### Exercise data
---------------
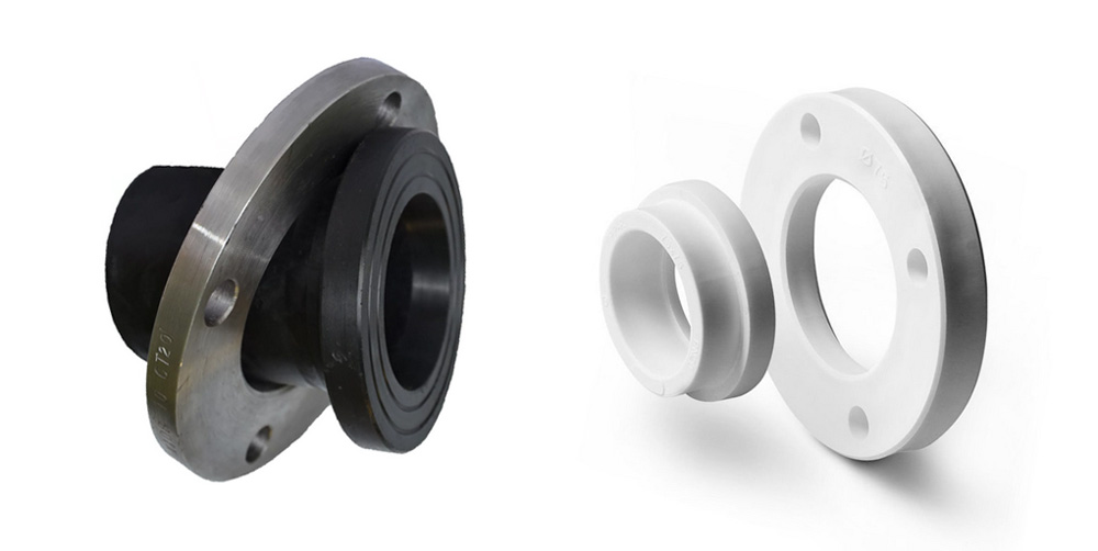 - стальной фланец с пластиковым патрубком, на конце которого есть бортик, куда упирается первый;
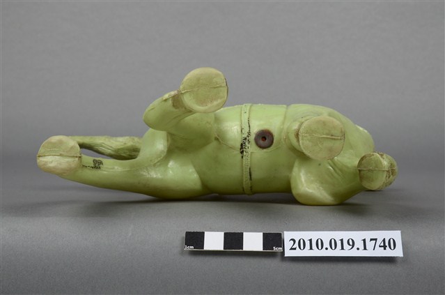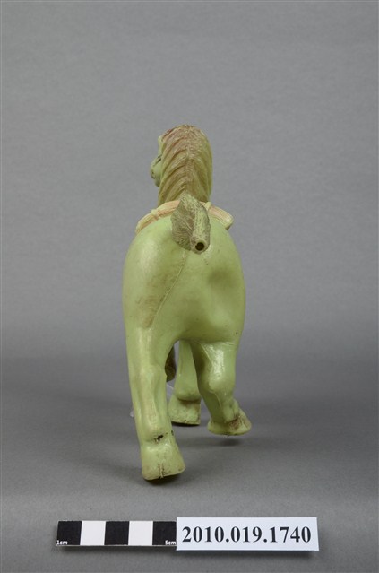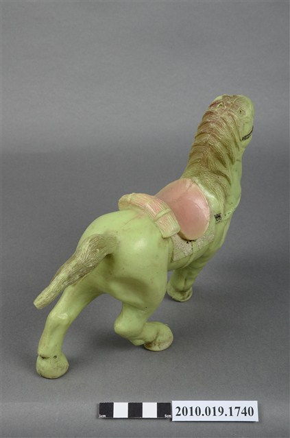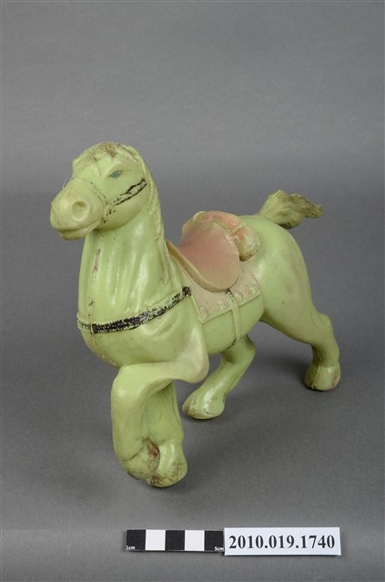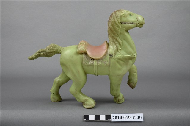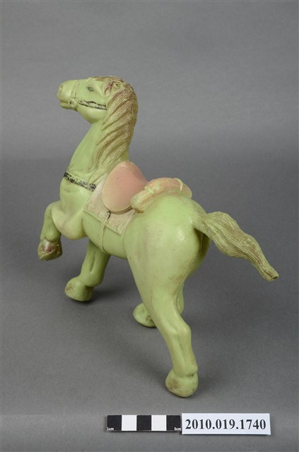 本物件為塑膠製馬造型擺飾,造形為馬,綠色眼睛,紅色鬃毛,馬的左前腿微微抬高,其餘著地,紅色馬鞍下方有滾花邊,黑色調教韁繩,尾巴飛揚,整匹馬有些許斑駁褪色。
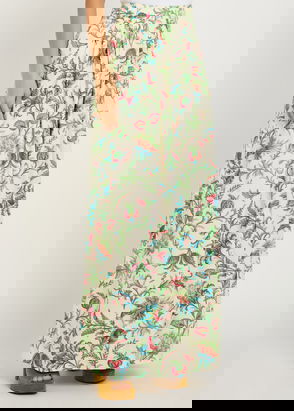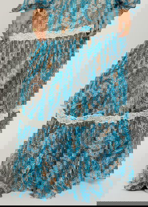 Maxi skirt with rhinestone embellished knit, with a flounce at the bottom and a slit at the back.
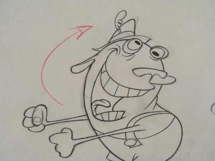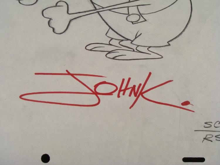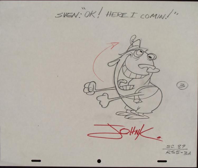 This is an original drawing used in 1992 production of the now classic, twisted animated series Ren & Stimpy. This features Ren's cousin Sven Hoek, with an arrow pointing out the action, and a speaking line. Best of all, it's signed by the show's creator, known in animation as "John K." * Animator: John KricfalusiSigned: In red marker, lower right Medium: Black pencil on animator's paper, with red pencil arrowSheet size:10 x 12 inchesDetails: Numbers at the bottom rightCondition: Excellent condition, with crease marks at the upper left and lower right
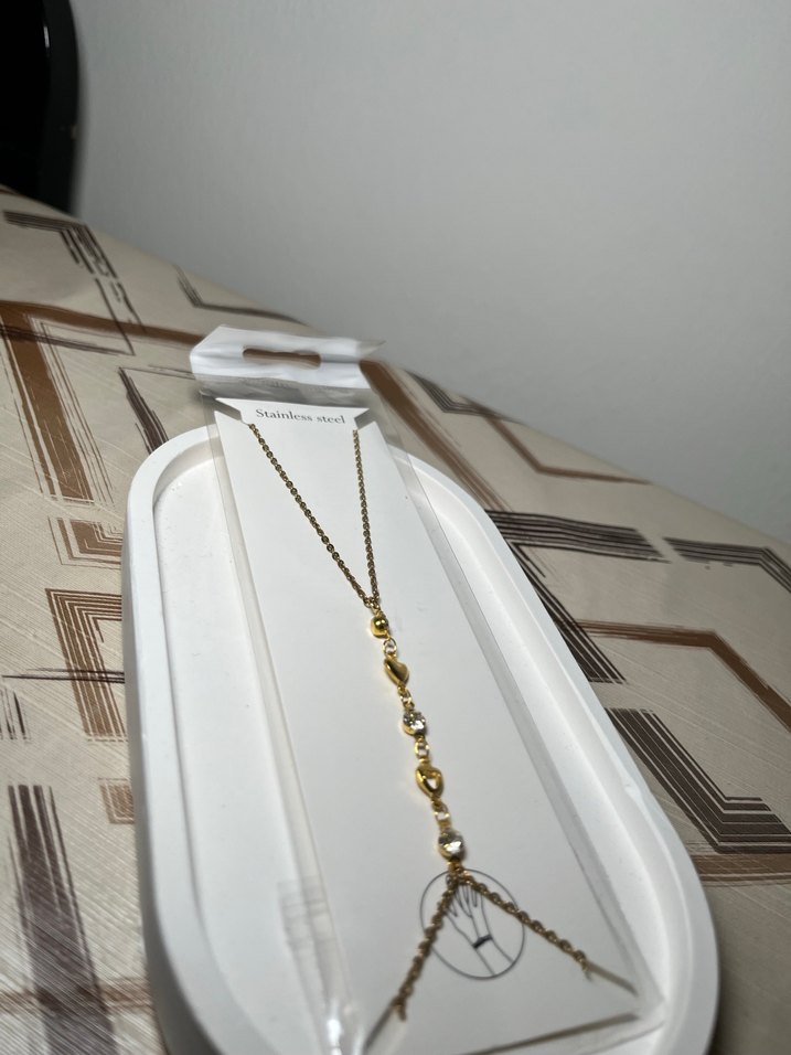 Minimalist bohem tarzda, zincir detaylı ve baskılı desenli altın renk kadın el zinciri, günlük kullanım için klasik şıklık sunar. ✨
---------------
### What you are asked to do
Nothing should appear in the reply except the lines from the start of the listing above through the line with "Maxi skirt with", repeated exactly and free of pictures.

### Your response
 - стальной фланец с пластиковым патрубком, на конце которого есть бортик, куда упирается первый;
 本物件為塑膠製馬造型擺飾,造形為馬,綠色眼睛,紅色鬃毛,馬的左前腿微微抬高,其餘著地,紅色馬鞍下方有滾花邊,黑色調教韁繩,尾巴飛揚,整匹馬有些許斑駁褪色。
 Maxi skirt with rhinestone embellished knit, with a flounce at the bottom and a slit at the back.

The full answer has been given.